Il fallait donc trouver un substitut à l’échec politique du coup de force du 11 mars. Ce substitut, c’est le sacrifice du pion Bouteflika et des siens par le régime qui compte se donner du temps pour se régénérer. Apparemment, la nomination toute récente d’un gouvernement viserait à couper l’herbe sous le pied du chef d’état-major. Ce n’est encore qu’une manœuvre dangereuse qui complique la situation, notamment parce qu’il comporte l’actuel chef d’état-major qui veut destituer le président !

L’article 28 de la Constitution ne fait pas de l’ANP la garante de l’ordre constitutionnel ni ne lui donne la mission d’assurer la continuité de l’état

Le communiqué du MDN justifie la «proposition» du chef d’état-major par l’article 28 de la Constitution. Cet article compte trois alinéas. En vertu du premier, «La consolidation et le développement du potentiel de défense de la nation s’organisent autour de l’Armée nationale populaire» ; le deuxième dispose que «L’Armée nationale populaire a pour mission permanente la sauvegarde de l’indépendance nationale et la défense de la souveraineté nationale» ; enfin, selon le troisième, «[L’ANP] est chargée d’assurer la défense de l’unité et de l’intégrité territoriale du pays, ainsi que la protection de son espace terrestre, de son espace aérien et des différentes zones de son domaine maritime».

A la lecture de l’article 28 dans sa totalité, il est aisé de comprendre que c’est le 2e alinéa qui est invoqué comme fondement de la «proposition» du chef d’état-major de l’ANP. Or, c’est une interprétation de l’expression «souveraineté nationale» très extensible que fait là le chef d’état-major. En effet, bien que l’expression soit la même dans les deux articles, on peut affirmer que la «souveraineté nationale» dont il est question à l’article 28 est la souveraineté de l’Etat algérien dans la sphère du droit international, selon laquelle aucune autorité n’est supérieure à l’Etat algérien dans l’ordre international. Quant à la «souveraineté nationale» de l’article 7, c’est celle du peuple algérien source de tout pouvoir, dans la sphère du droit constitutionnel.

Les travaux préparatoires de la Constitution de 1996 montrent clairement que le modèle turc qui fait de l’armée la garante de l’ordre constitutionnel n’a pas été retenu. Le rapport de la «Commission 2005» installée en février 1993 par le Haut-Comité d’Etat avait proposé d’attribuer à l’armée la mission de «gardienne des institutions publiques et chargée d’assurer la continuité de l’Etat ainsi que sa forme républicaine et pluraliste» dans la future Constitution destinée à remplacer celle de 1989. Cette proposition n’a pas été retenue.
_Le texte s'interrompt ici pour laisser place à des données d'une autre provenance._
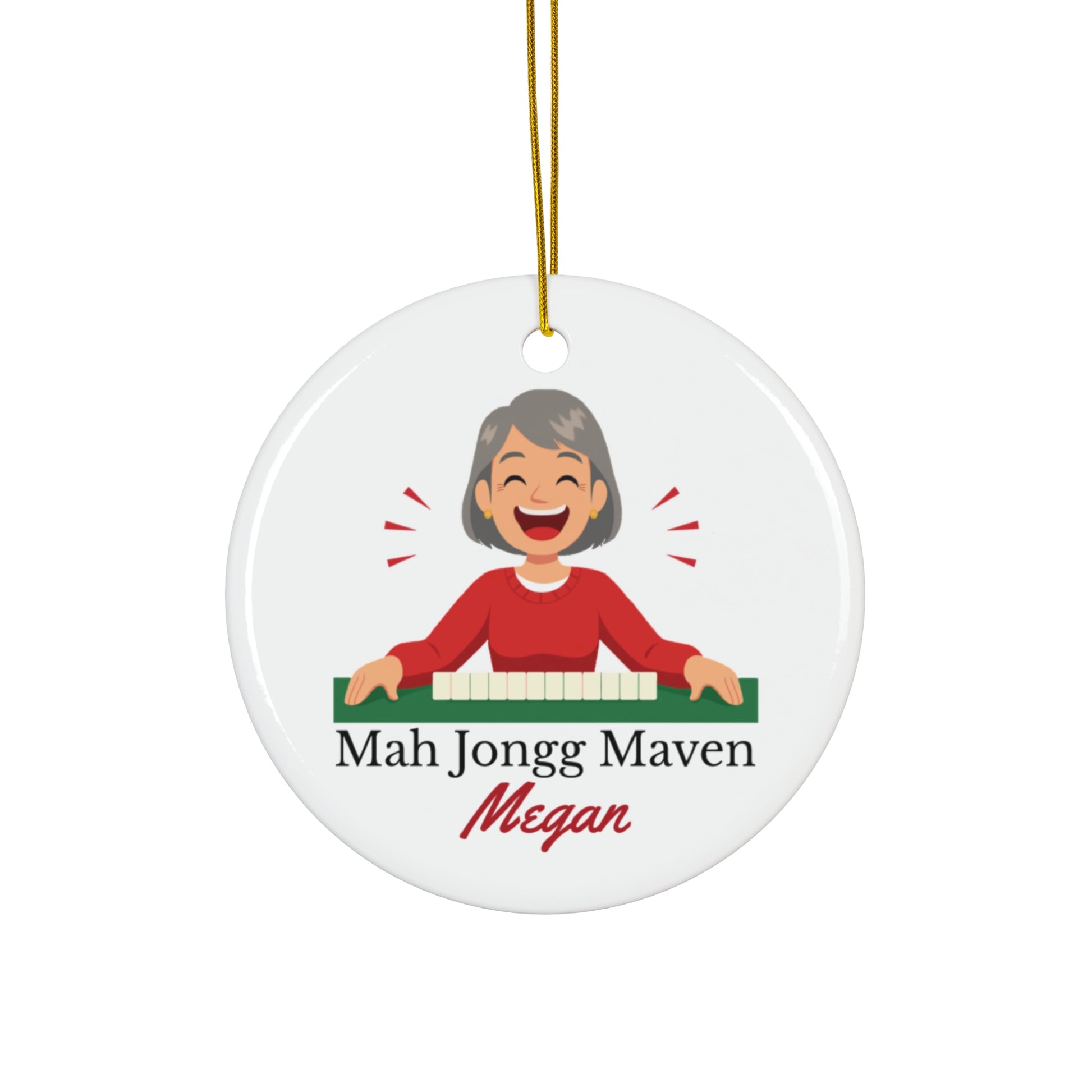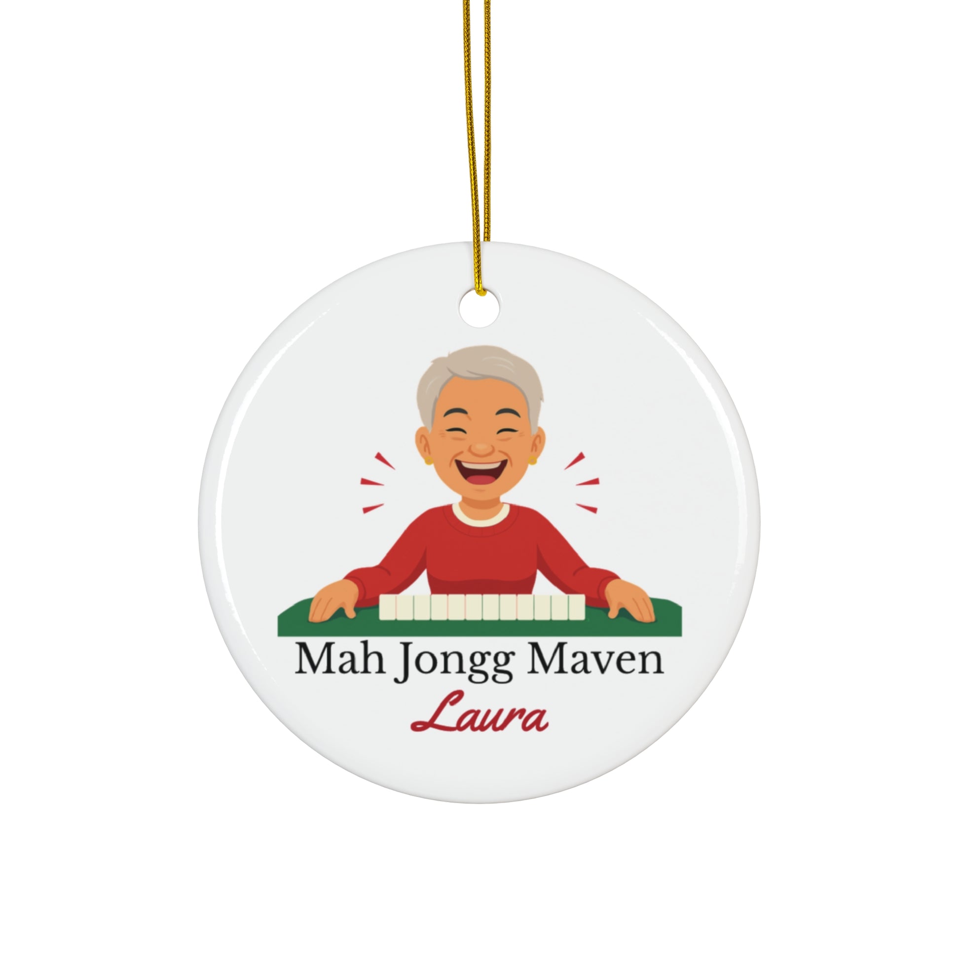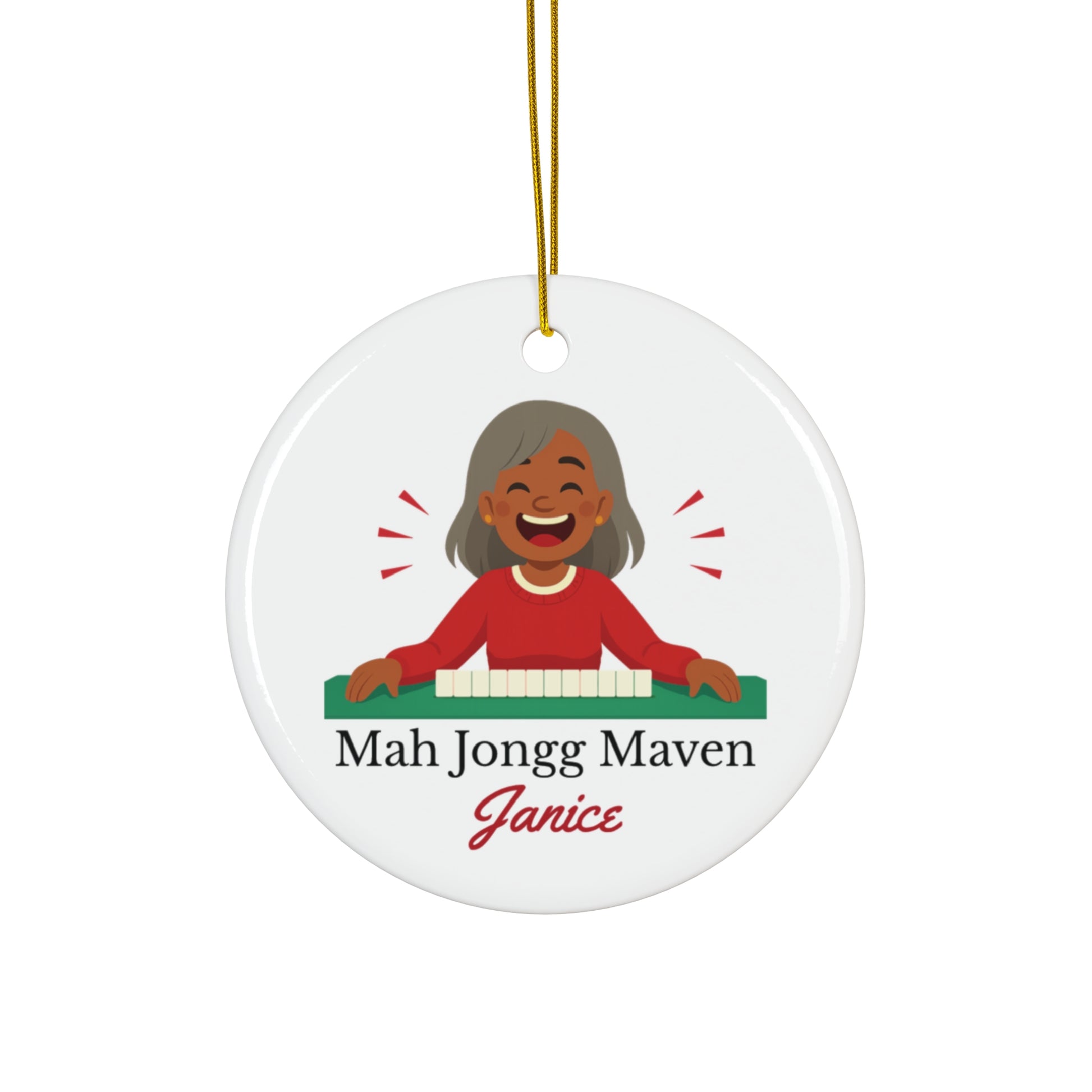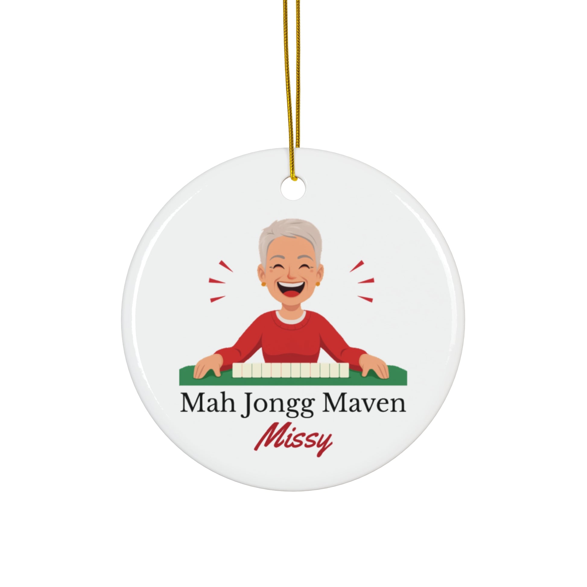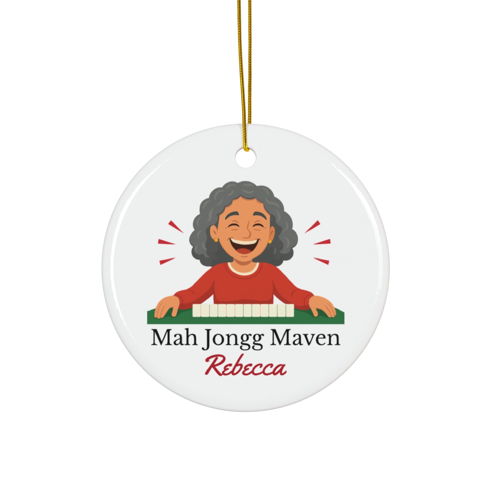 Add a touch of personalized fun to your holiday decor with this ceramic ornament featuring a cartoon avatar playing Mah Jongg and the phrase 'Mah Jongg Maven'. Perfect for Mah Jongg enthusiasts and those who love unique ornaments to hang on their Christmas tree or around the house during the holiday season. Don't see an avatar with the look you want? Contact us (merch@myjongg.net) and let's chat!

Plus tard, le groupe ad hoc de révision de la Constitution installé par… Liamine Zeroual, en sa qualité de président de la République, proposa de faire de l’ANP la «garante de l’ordre constitutionnel» .

Cette proposition ne fut pas non plus retenue. En effet, en vertu de l’article 84, le garant de la Constitution est le président de la République, celui-là même qui l’a violée le 11 mars sans réaction du Haut commandement militaire qui est comptable de cette violation. Par conséquent, sur le plan constitutionnel, les travaux préparatoires de la Constitution de 1996 montrent sans ambiguïté que l’alinéa 2 de l’article 28 ne peut en aucun cas être interprété comme accordant à l’ANP la mission de protectrice et garante de l’ordre constitutionnel ou de gardienne des institutions publiques et de la continuité de l’Etat.

En pratique, il est d’ailleurs difficile aujourd’hui pour le Haut commandement militaire de se poser en garant de l’ordre constitutionnel, dont les articles 7 et 8 de la Constitution, après avoir laissé faire de nombreuses violations sans réagir. Sa crédibilité est entamée.
Le communiqué du MDN prétend contre toute évidence que le peuple est sorti dans la rue le 29 mars pour demander l’application de l’article 102.

Or, cette «proposition» du chef d’état-major a eu pour effet qu’il soit visé personnellement par les manifestants qui, jusque-là, avaient épargné le Haut-commandement militaire et l’institution militaire dans son ensemble par souci de la cohésion nationale et dans l’espoir qu’elle saborde le régime. La «proposition» de recourir à l’article 102 a eu l’effet redouté par les rédacteurs de la Constitution de 1996 lorsqu’ils ont finalement renoncé à donner à l’armée le rôle de garante de la Constitution et gardienne de la continuité de l’Etat.